Trait divergence and the ecosystem impacts of invading species

Flowering phenology is a potentially important component of success of alien species, since elevated fecundity may enhance invasiveness. The flowering patterns of invasive alien plant species and related natives were studied in three regions with Mediterranean-type climate: California, Spain and South Africa's Cape region. A total of 227 invasive-native pairs were compared for seven character types across the regions, with each pair selected on the basis that they shared the same habitat type within a region, had a common growth form and pollination type, and belonged to the same family or genus. Invasive alien plant species have different patterns of flowering phenology from native species in the three regions. Whether the alien species flower earlier, later or at the same time as natives depends on the climatic regime in the native range of the aliens and the proportion of species in the invasive floras originating from different regions. Species invading at least two of the regions displayed the same flowering pattern, showing that flowering phenology is a conservative trait. Invasive species with native ranges in temperate climates flower earlier than natives, those from Mediterranean-type climates at the same time, and species from tropical climates flower later. In California, where the proportion of invaders from the Mediterranean Basin is high, the flowering pattern did not differ between invasive and native species, whereas in Spain the high proportion of tropical species results in a later flowering than natives, and in the Cape region early flowering than natives was the result of a high proportion of temperate invaders.
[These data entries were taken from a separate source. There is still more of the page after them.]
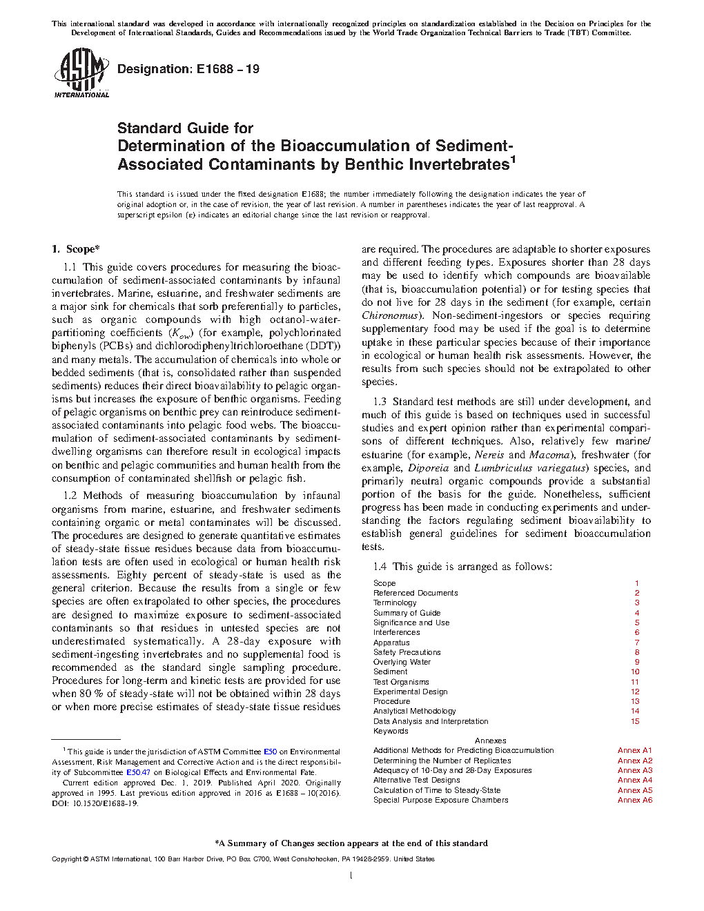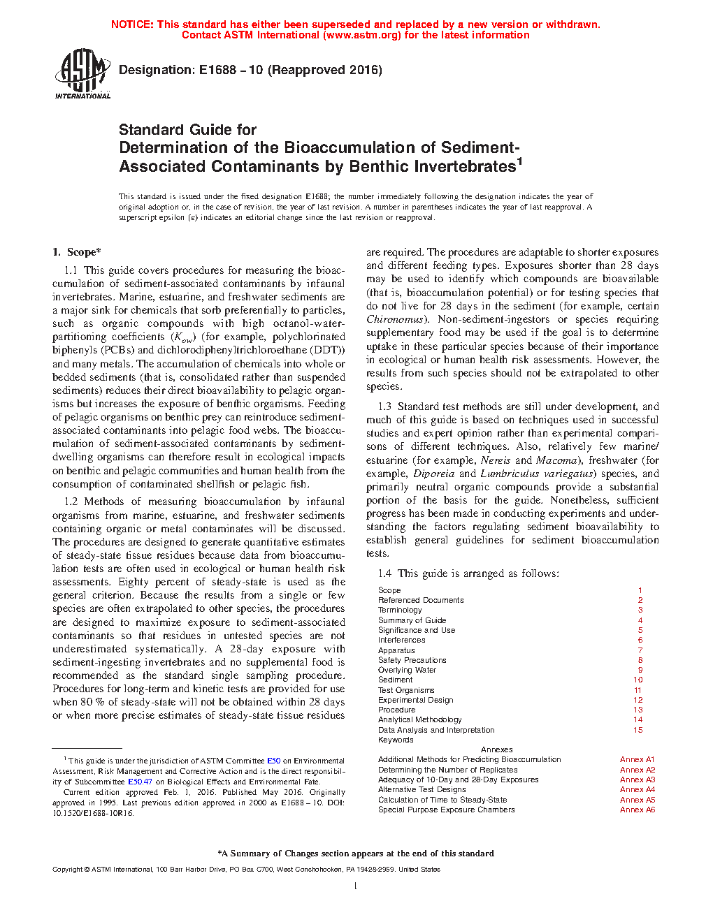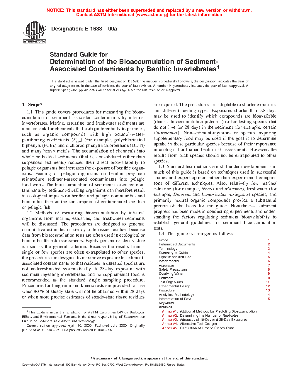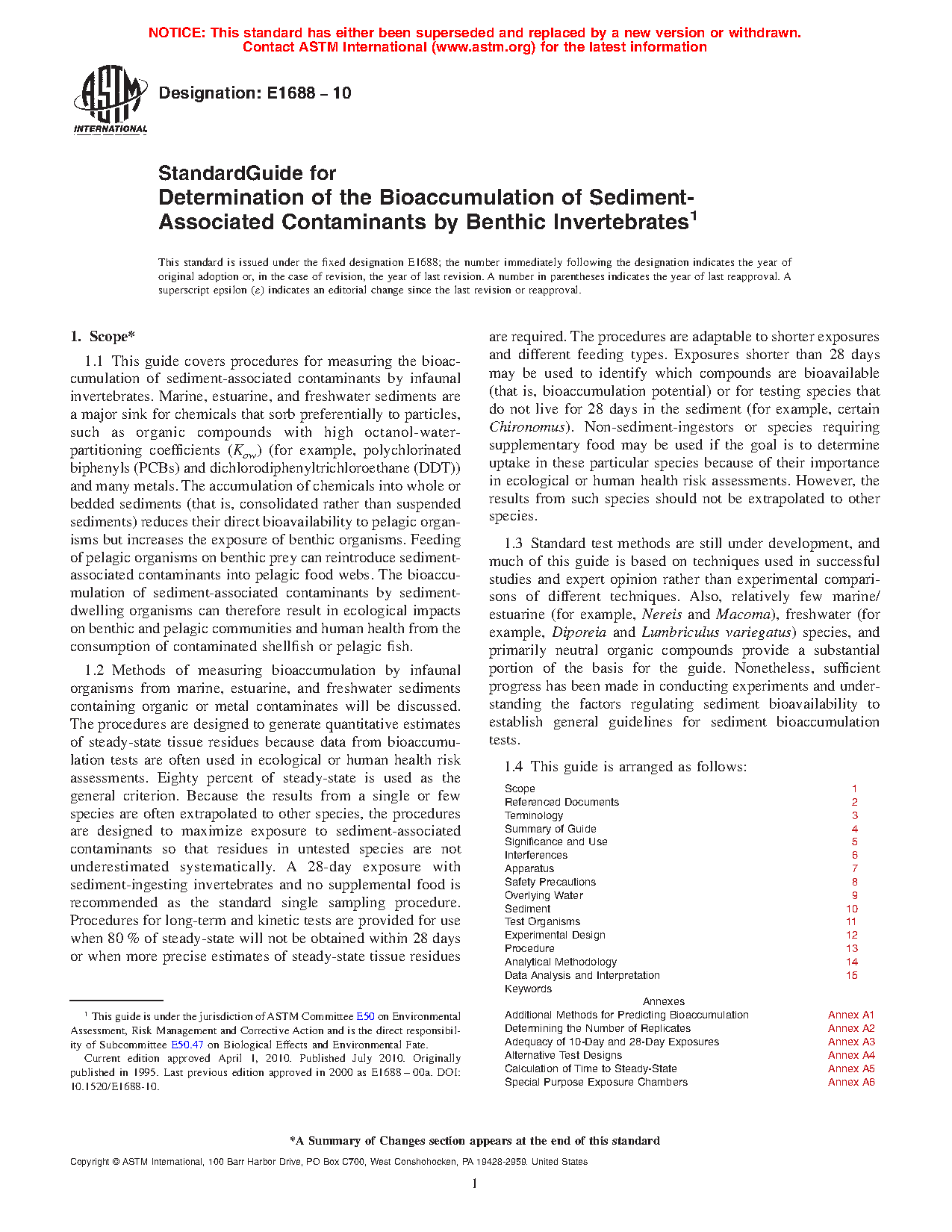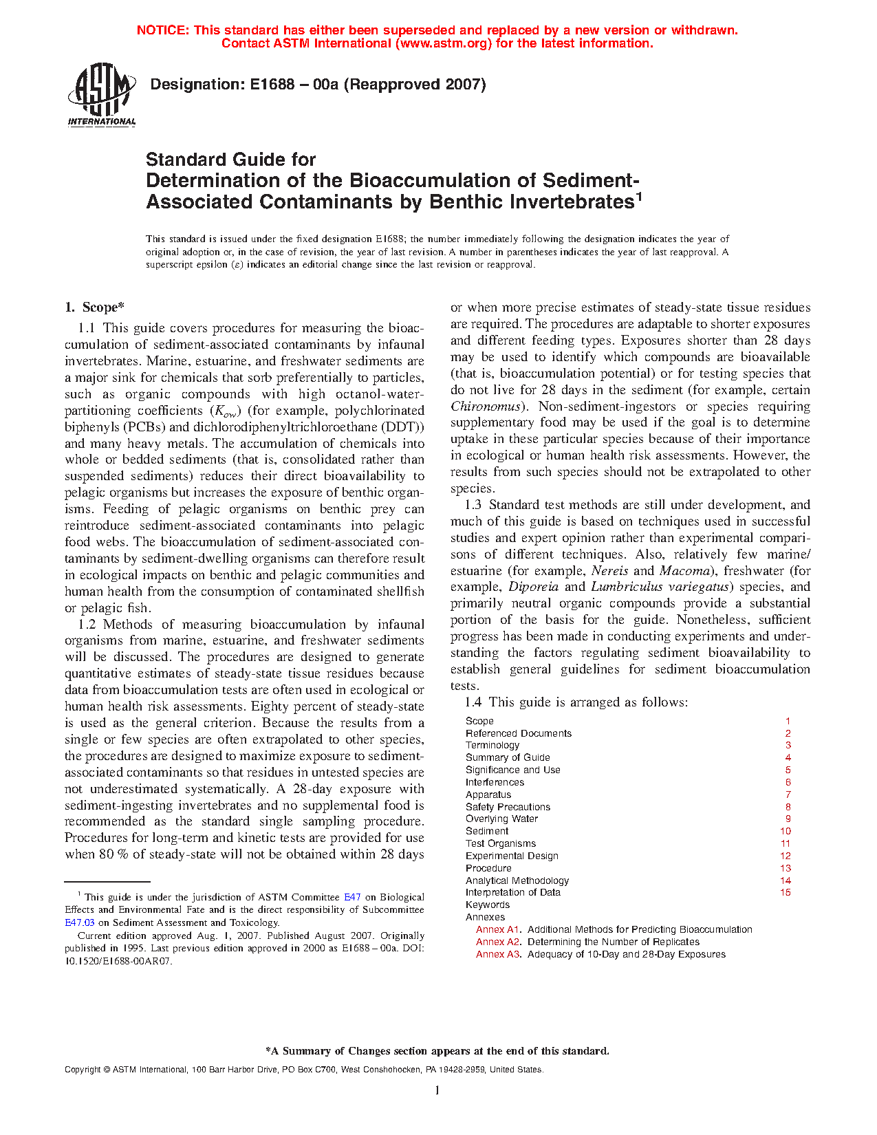 1.1 This guide covers procedures for measuring the bioaccumulation of sediment-associated contaminants by infaunal invertebrates. Marine, estuarine, and freshwater sediments are a major sink for chemicals that sorb preferentially to particles, such as organic compounds with high octanol-water-partitioning coefficients (Kow) (for example, polychlorinated biphenyls (PCBs) and dichlorodiphenyltrichloroethane (DDT)) and many metals. The accumulation of chemicals into whole or bedded sediments (that is, consolidated rather than suspended sediments) reduces their direct bioavailability to pelagic organisms but increases the exposure of benthic organisms. Feeding of pelagic organisms on benthic prey can reintroduce sediment-associated contaminants into pelagic food webs. The bioaccumulation of sediment-associated contaminants by sediment-dwelling organisms can therefore result in ecological impacts on benthic and pelagic communities and human health from the consumption of contaminated shellfish or pelagic fish.
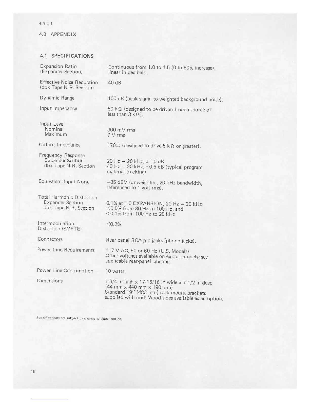 dbx 228 - Appendix - Specifications; Technical Specifications
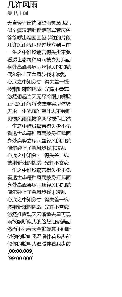 | [02:25.33] | 看透世态每种风雨披身打我面 |
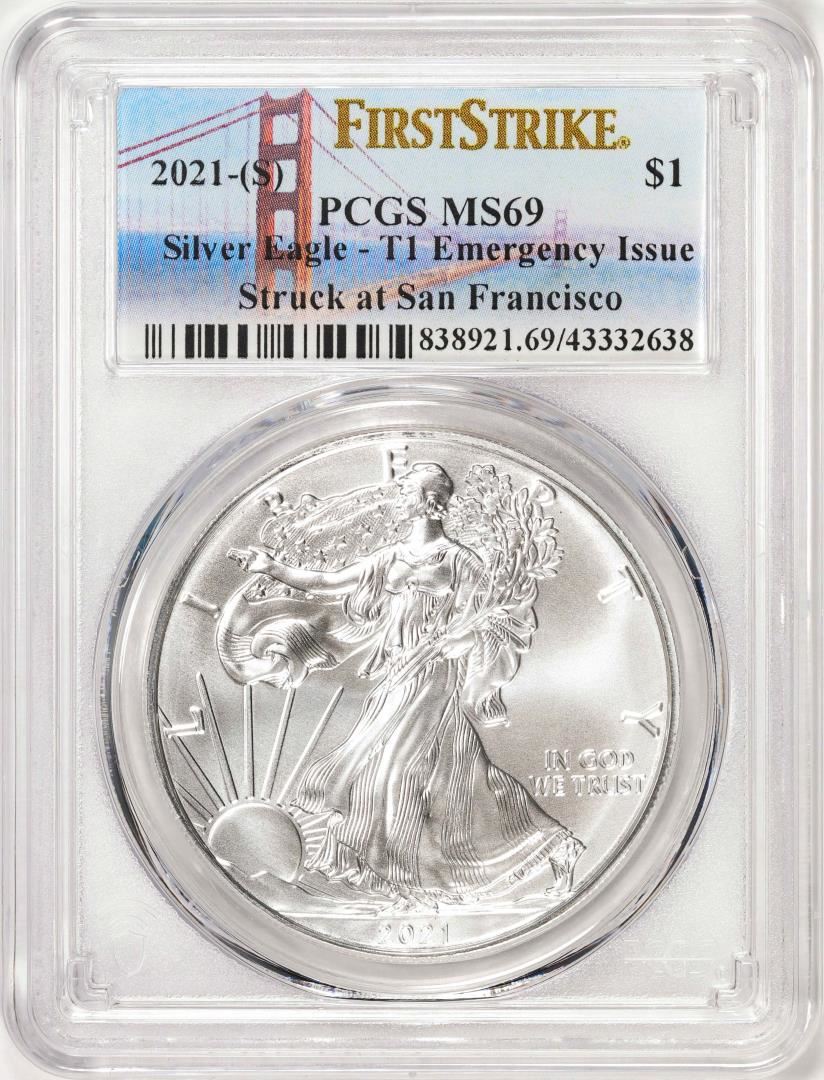 2021-(S) Type 1 $1 American Silver Eagle Coin PCGS MS69 First Strike Emergency Issue

Observed patterns are due to the human-induced sympatry of species with different evolutionary histories whose flowering phenology evolved under different climatic regimes. The severity of the main abiotic filters imposed by the invaded regions (e.g. summer drought) has not been strong enough (yet) to shift the flowering pattern of invasive species to correspond with that of native relatives. It does, however, determine the length of the flowering season and the type of habitat invaded by summer-flowering aliens. Results suggest different implications for impacts at evolutionary time scales among the three regions.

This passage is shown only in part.